趙道延跳下桌子,又灌了一杯茶水才扯著嗓子開口,語氣中帶著恨鐵不成鋼的意味:“一群蠢貨!要是真有你們所說那麽容易,那我還說這件事幹什麽!?”

見趙道延是真生氣了,立即有人有眼色地拍馬屁道:“趙仙長高瞻遠矚,我們這群俗人哪兒能比得上您?”

趙道明很是受用,“嗤”了一聲:“知道就行,把你們的嘴閉上,聽我說完。”

“季仙尊確實解決過惡鬼疫,但他不一定就能解決第二次。”

“連季仙尊都處理不了,那還有誰能解決?”馬上有人在一旁插嘴,趙道延橫了他一眼。

那人的嘴被同伴捂住,同伴朝著趙道延露出一個夾雜著討好的笑容。

趙道延沒再看他們,目光在人群中掃了一圈:“況且,如果季淮他根本就不想解決惡鬼疫呢?”

這話如同平地驚雷一般,將人群炸了個底朝天。

“你放屁!”

“誰允許你這麽汙蔑季仙尊的!?”

“把這個老不死的趕下去!”

人群情緒激動,按照現在的光景,一人一口唾沫都能淹死趙道明。

更有甚者,擼起袖子就要擠進中間揮拳揍他。

趙道明像猴一樣躥上竄下,試圖躲過眾人的怒火,身上還是不可避免地挨了幾拳。

即使如此,嘴裏還念念有詞道:“你們這群愚夫!事實擺在你們眼前了還不信,小心被季淮一起做成白骨架子!”

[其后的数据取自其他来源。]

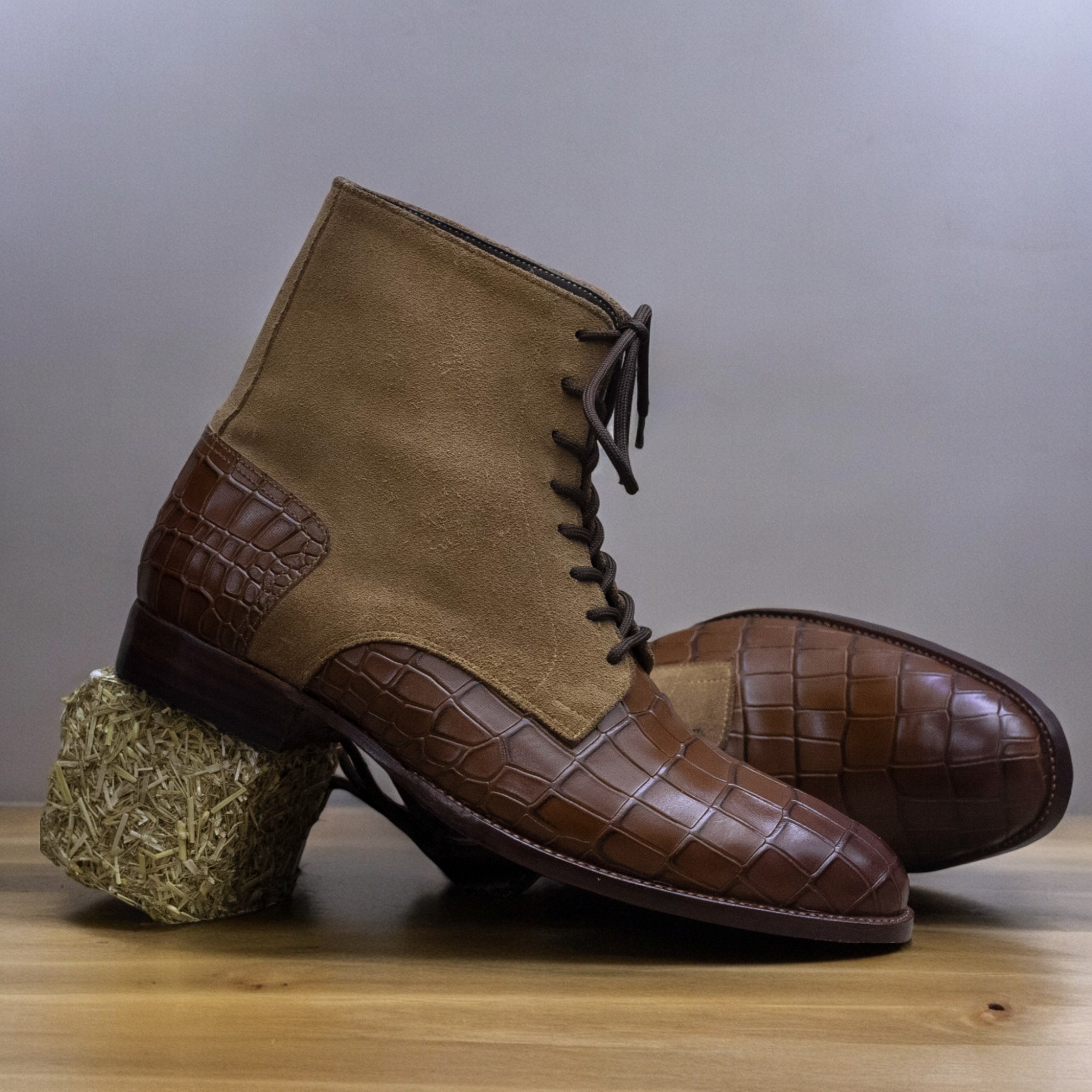 Handmade Men's Brown Two Tone Leather and Suede Boot ,Lace Up Ankle High Boot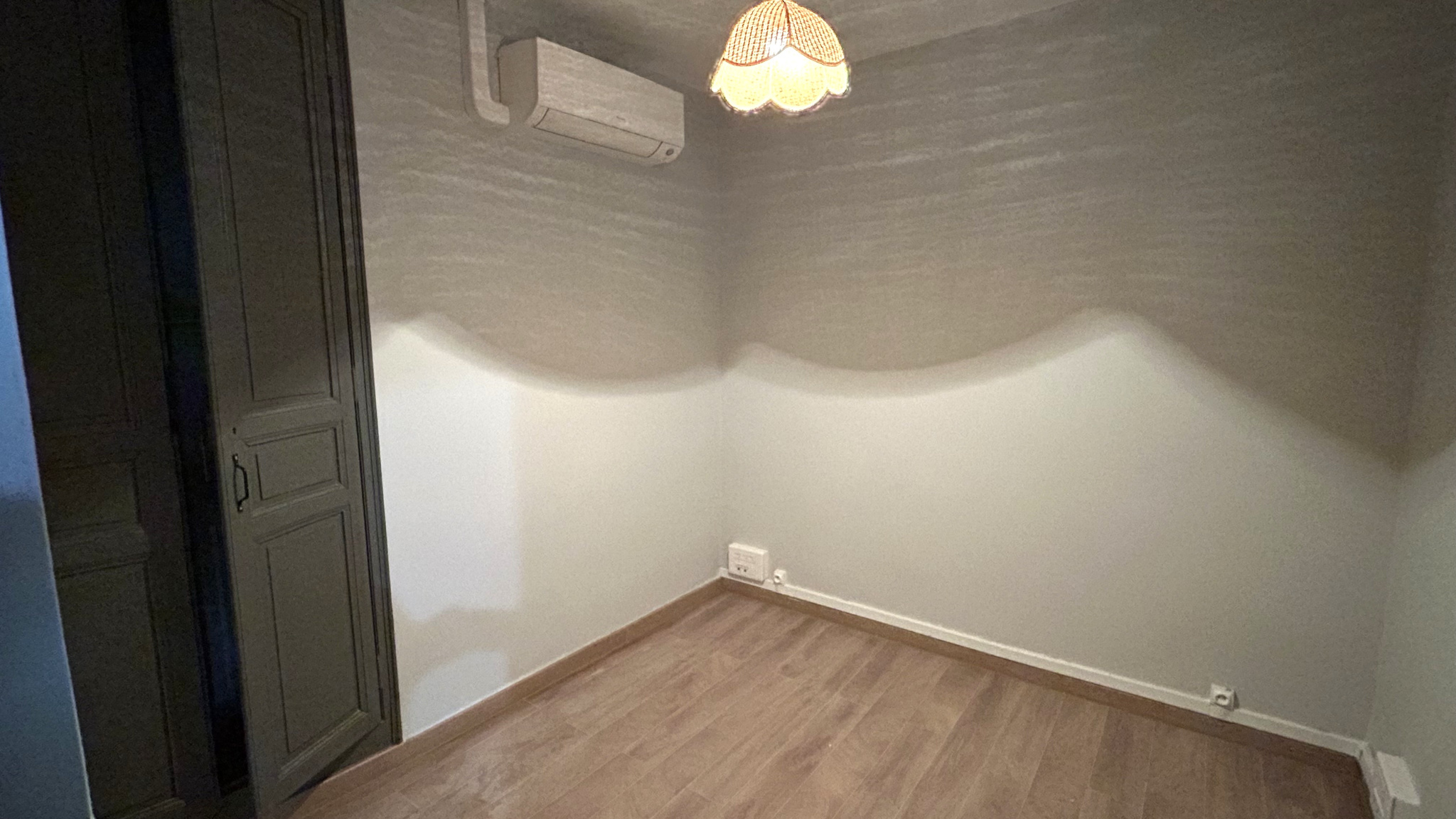 Cuisine indépendante, 2 WC, douche, placards. L'ensemble est traversant, entièrement climatisé, pour une surface totale de 116m2, refait à neuf.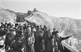 SCALING NEW HEIGHTS: U.S. President Richard Nixon visits the Great Wall in Beijing on February 24, 1972 (XINHUA) |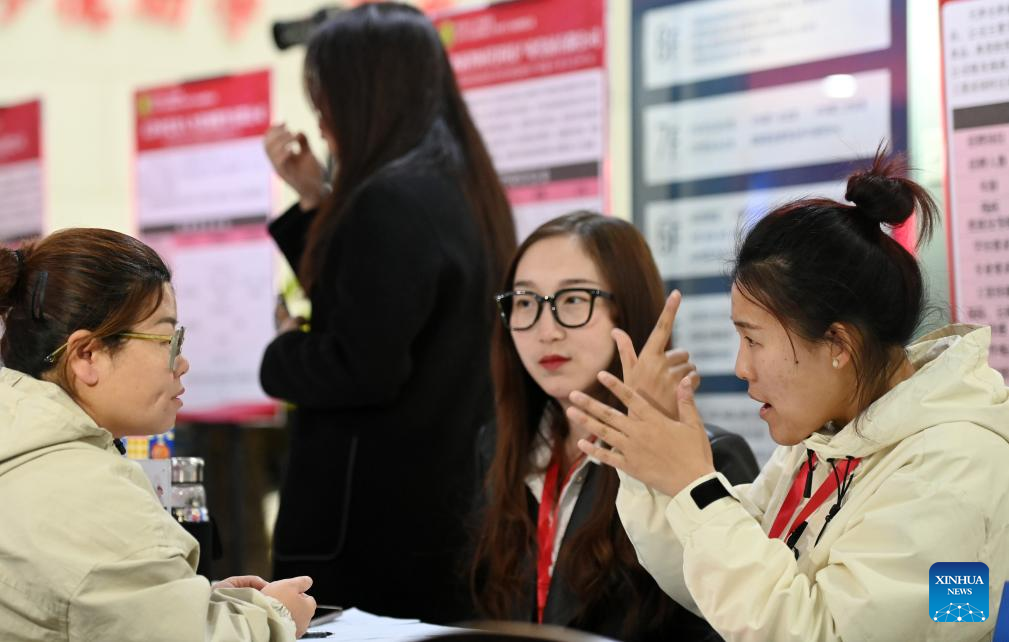 A recruiter communicates with a job seeker in sign language during a job fair in north China's Tianjin, March 26, 2025. A job fair was held for people with disabilities who graduated from higher education in Tianjin on Wednesday, providing over 100 positions to job seekers. (Xinhua/Zhao Zishuo)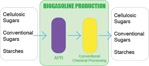 Açúcares são convertidos diretamente em biogasolina. No final de Março de 2010, a primeira fábrica de demonstração de biogasolina do mundo foi criada em Madison, EUA pela Virent Energy Systems, Inc.[5] A Virent descobriu e desenvolveu uma técnica de reforma de fase aquosa (APR) [6] em 2001. A APR inclui muitos processos, incluindo reforma catalítica para gerar hidrogênio, desidrogenação de álcoois / hidrogenação de carbonilos, reações de desoxigenação, hidrogenólise e ciclização. A iniciadora da APR é uma solução de hidrato de carbono produzida a partir de matéria vegetal, e o produto é uma mistura de produtos químicos e hidrocarbonetos oxigenados. A partir daí, os materiais passam por processamento adicional químico convencional para produzir o resultado final: uma mistura de hidrocarbonetos não oxigenados que teria um custo favorável. Estes hidrocarbonetos são exatamente os mesmos encontrados em combustíveis derivados do petróleo e, por isso os carros atuais não precisariam de adaptações para rodar com biogasolina. A única diferença é a origem. Combustíveis à base de petróleo são feitos a partir de óleo e biogasolina é feita a partir de plantas como beterraba, cana-de-açúcar ou biomassa celulósica, que normalmente seriam resíduos vegetais.[7]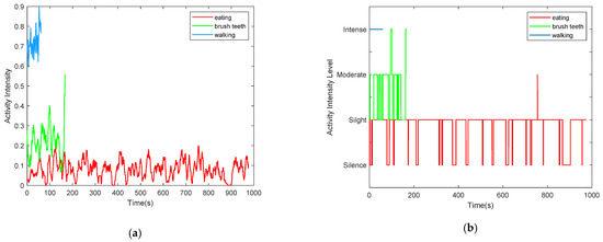 Figure 16 only shows the instantaneous vitality, in order to mine more information on human vitality, such as the characteristics of daily activities, we need to analyze vitality information from a perspective of a time period. For example, we can average the instantaneous intensity within a short time period (10 s) every 0.05 s, and category the averaged intensity into different intensity levels (such as silence, slight, moderate, and intense) according to the averaged intensity values. Take three types of daily activities (walk, brush teeth, eating) as example. the averaged activity intensity and the corresponding activity level of the three types of daily activities are shown in Figure 17. Figure 17a shows the averaged activity intensity of the three types of daily activities, and Figure 17b shows the corresponding activity level. From Figure 17, we can find that among the three activities, the activity level of walking is higher than the other two activities.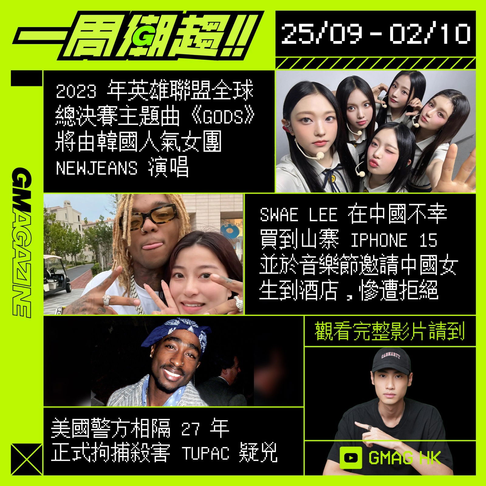 新一集《一周潮趨》25/09 - 02/10 已經出咗啦,今集我地直接同大家精選十件潮流時事深入探討,當中包括:SHAE LEE 在中國不幸買到山寨 IPHONE 15,並於音樂節邀請中國女生到酒店,慘遭拒絕?美國警方相隔27年正式拘捕殺害 TUPAC 疑兇?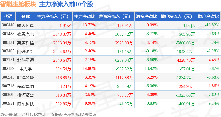 从资金流向上来看,当日智能座舱板块主力资金净流出8.52亿元,游资资金净流入2.89亿元,散户资金净流入5.63亿元。智能座舱板块个股资金流向见下表: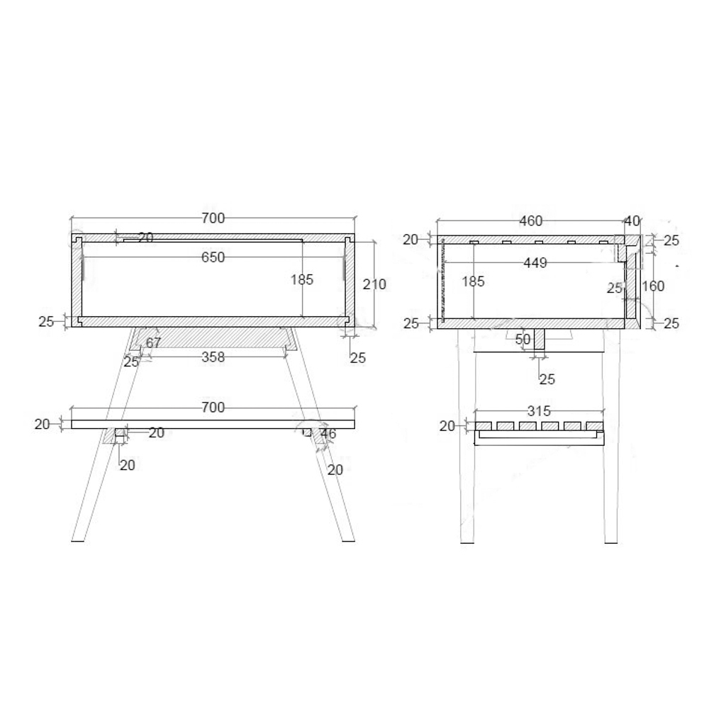 Floor-standing teak bathroom cabinet with white flap drawer.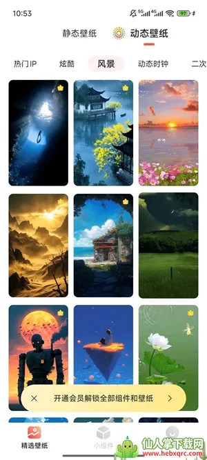 1. 壁纸资源丰富多样,涵盖海量精美动态、静态壁纸及个性化主题,无论是酷炫科幻还是温馨卡通风格,都能一键下载应用。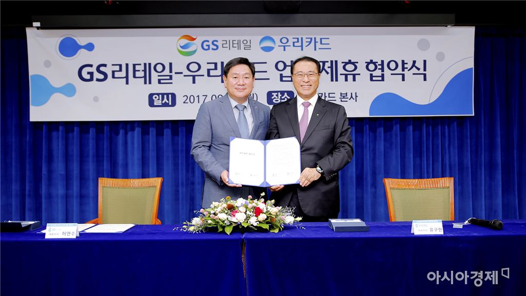 허연수 GS리테일 대표이사(좌)와 유구현 우리카드 대표이사가 업무협약식 후 기념 사진활영을 하고 있다.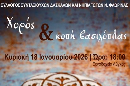 Ετήσιος χορός και κοπή βασιλόπιτας του Συλλόγου Συνταξιούχων Δασκάλων και Νηπιαγωγών Φλώρινας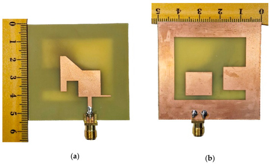 There are different methods for designing antennas with CP, depending on the applications for which they are intended. Narrow-band CP antennas were proposed in [3,4,5]. Some dual-band antennas were designed by using an asymmetrical slot [6], a slot antenna with a parallel split-ring resonator [7], and stacked patches with reactive impedance surfaces for ISM and WiMax applications [8]. Multiband CP antennas were generated in [9,10] by using a Minkowski fractal slot for many frequency bands [9], and a multiband ultra-high-frequency (UHF) antenna for RFID applications was presented in [10]. To generate wideband dual CP antennas, aperture-coupled stack patches were designed in [11]. The patches are fed by a hybrid coupler to obtain an axial ratio bandwidth (ARBW) of 29.1% extended along the range (4.7–6.3 GHz). In [12,13], MIMO antennas were proposed. A four-element MIMO G-shaped monopole antenna was presented as a dual CP with an ARBW of 67.7% [12]. A wideband CP monopole antenna was proposed by using a co-planar waveguide (CPW)-fed approach [14,15]. Broadband C-shaped CP monopole antennas were presented in [16,17,18]. In [19], a cross-shaped monopole antenna was designed to obtain an ARBW of 42.6%. Recently, a 2 × 2 metasurface antenna array was proposed in [20] by using nonuniform slots to improve the ARBW to 61.75%.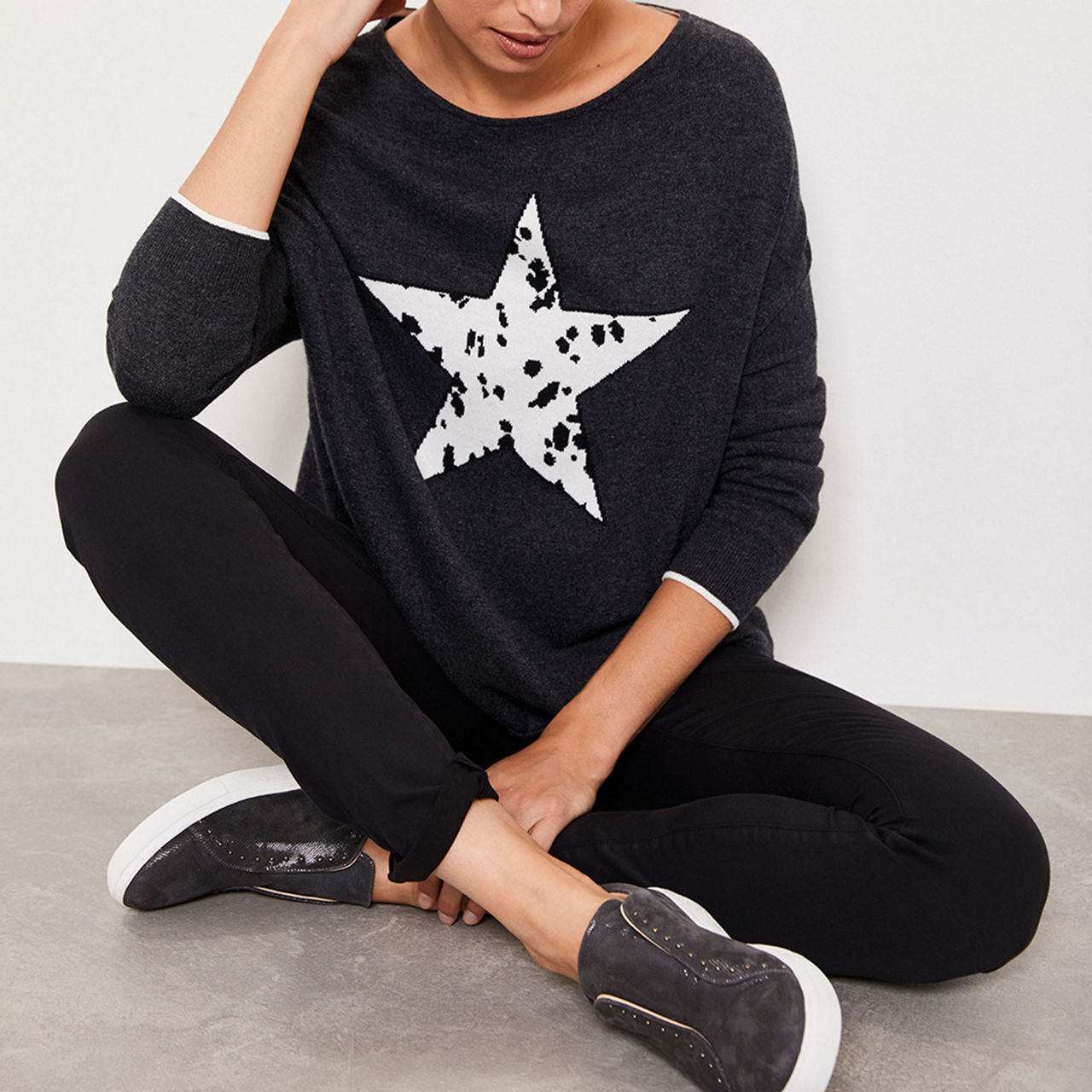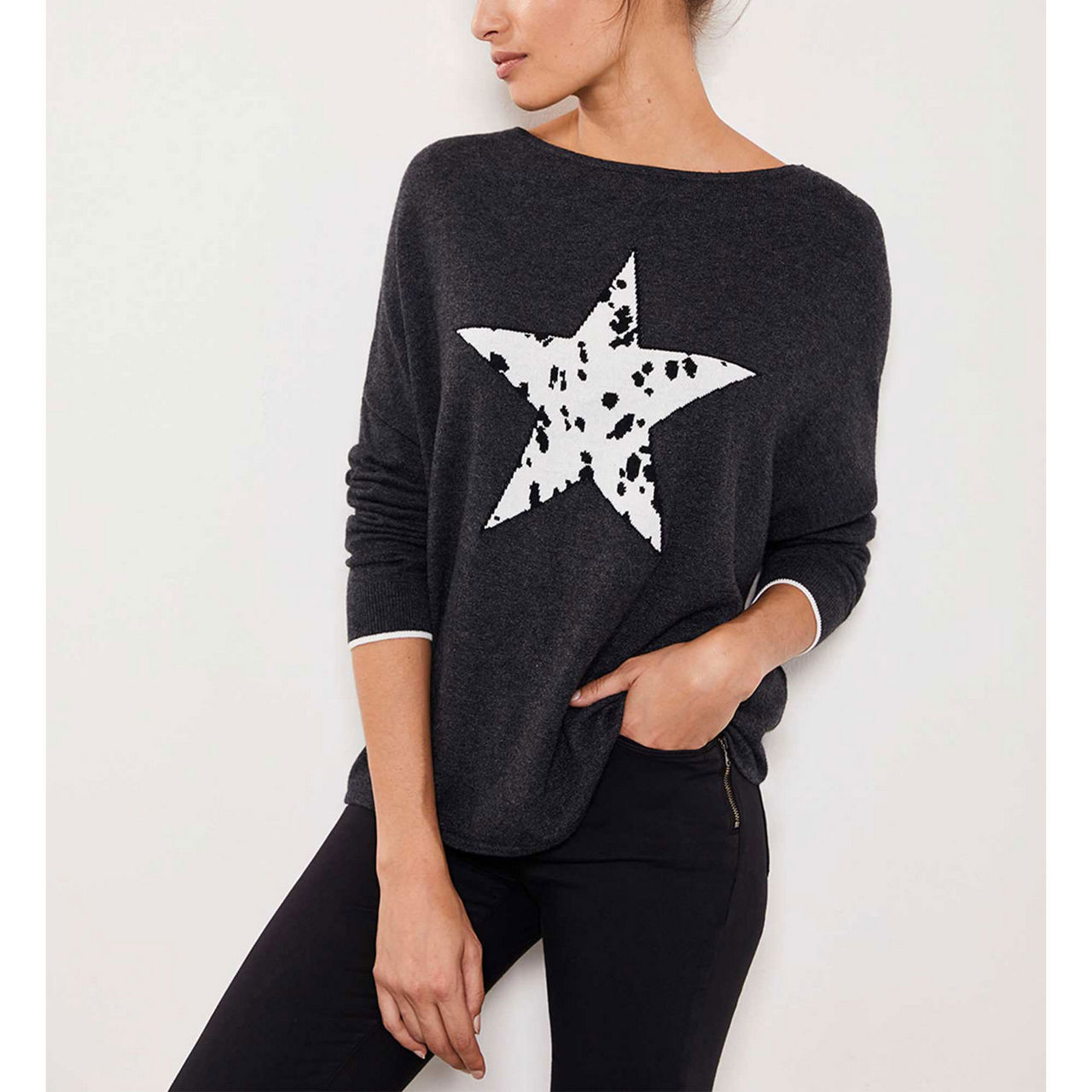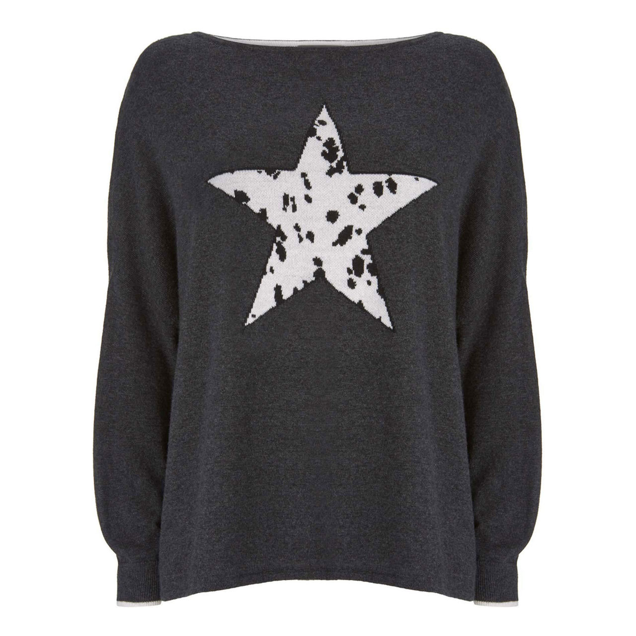 Spun with a touch of cashmere for softness, this long-sleeved charcoal jumper is designed in a relaxed silhouette that's perfect for every day. It's framed by a wide neckline and features a black and white star motif on its front - it's knitted in a Dalmatian pattern for a fresh take on the animal trend.

“你們也不想想!季淮用了什麽手段才能讓自己覆活,總不能是靠感動上天吧!?”

“惡鬼疫是一個多麽名正言順的理由,只要說自己沒能力再解決惡鬼疫,就能靠著惡鬼疫的能力,用別人的命,續他自己的命!”

群情激憤之下,趙道明被一人扯著一條胳膊一條腿,從木窗口扔了出去。

騰空的時間只持續了短暫的一瞬間,趙道明就狠狠摔在了地上,濺起一層塵土。

骨頭被摔了個粉碎,趙道明手撐在地上,幾次意圖撐起身體,最後都以失敗告終。

臉頰被地上的砂石擦傷,鮮血滲出,地面都被染紅了一片。

似乎過了很久,也可能只過了不到一炷香的時間,趙道明聽見有一道聲音從他的頭頂傳來:“呦,摔得夠慘的啊。”

趙道明艱難地翻了個身,仰面朝向天空。

天空的位置被一個男人的頭擋住,頭頂寸草不生。

男人此時正幸災樂禍地看著他,雙手抱胸,絲毫沒有要把他拉起來的意思。

趙道明幹脆躺在地面上,聲音不再像酒樓中那麽浮誇,而是變得有些低沈:“你讓我做的事情已經完成了,宿以山到底什麽時候死?”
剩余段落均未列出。